He nodded reluctantly. "True."
I sighed and pushed my frustration back. This wasn't Devin's fault. My short temper was probably more hunger and dehydration than anything else. Still, it rankled me that we couldn’t find our way. Me, the adventure guide. Him, the Marine.
"Keep following the stream?" I asked.
He shrugged. "Let's see what happens. If it's the right stream, we may be able to find another hiker by nightfall."
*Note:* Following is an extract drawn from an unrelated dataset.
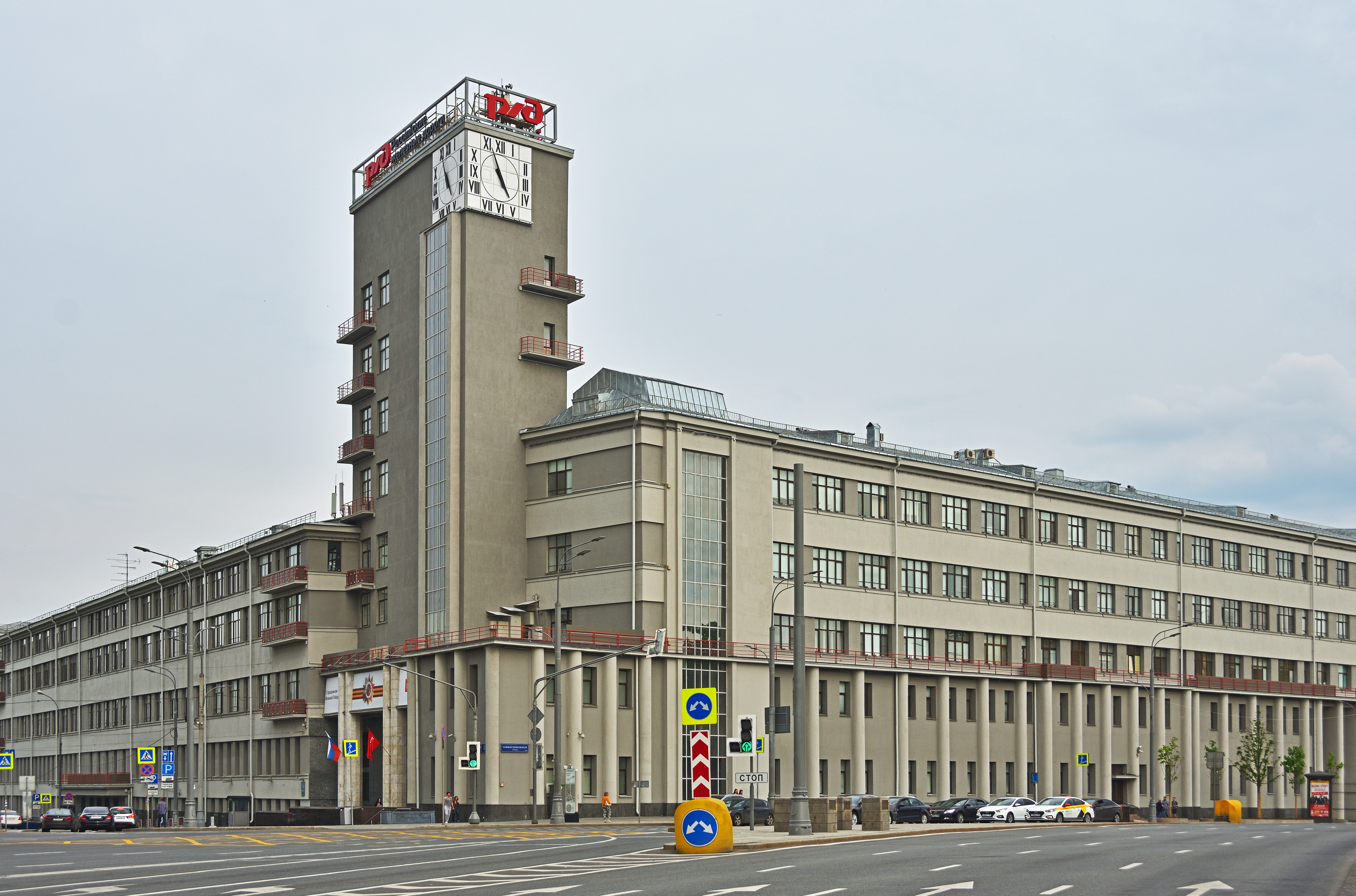 Commissariat of Railways, Moscow

The onset of twilight—and a dwindling stream bed with no lake or familiar landscape to be found—brought the simmering grumpiness in both of us to an ugly point. Cool air descended as the sun disappeared. My sweat-soaked clothes would be miserably chilly in no time at all.
Dried sweat, salt, and dirt made my shirt stiff as the sun melted beneath the trees and pulled darkness in her path. No longer did I fear Kimball or Steve. They were long gone from my mind, because who could have followed us here? We were in the middle of nowhere. Now, I feared only myself.
Had I been arrogant enough to think that I knew all of these mountains? That I was ready to be an adventure guide at twenty years old? All the quiet trudging and silence had given me more than enough time to think about why I insisted this be my life. I still hadn't figured it out, and that seemed like an uglier conclusion.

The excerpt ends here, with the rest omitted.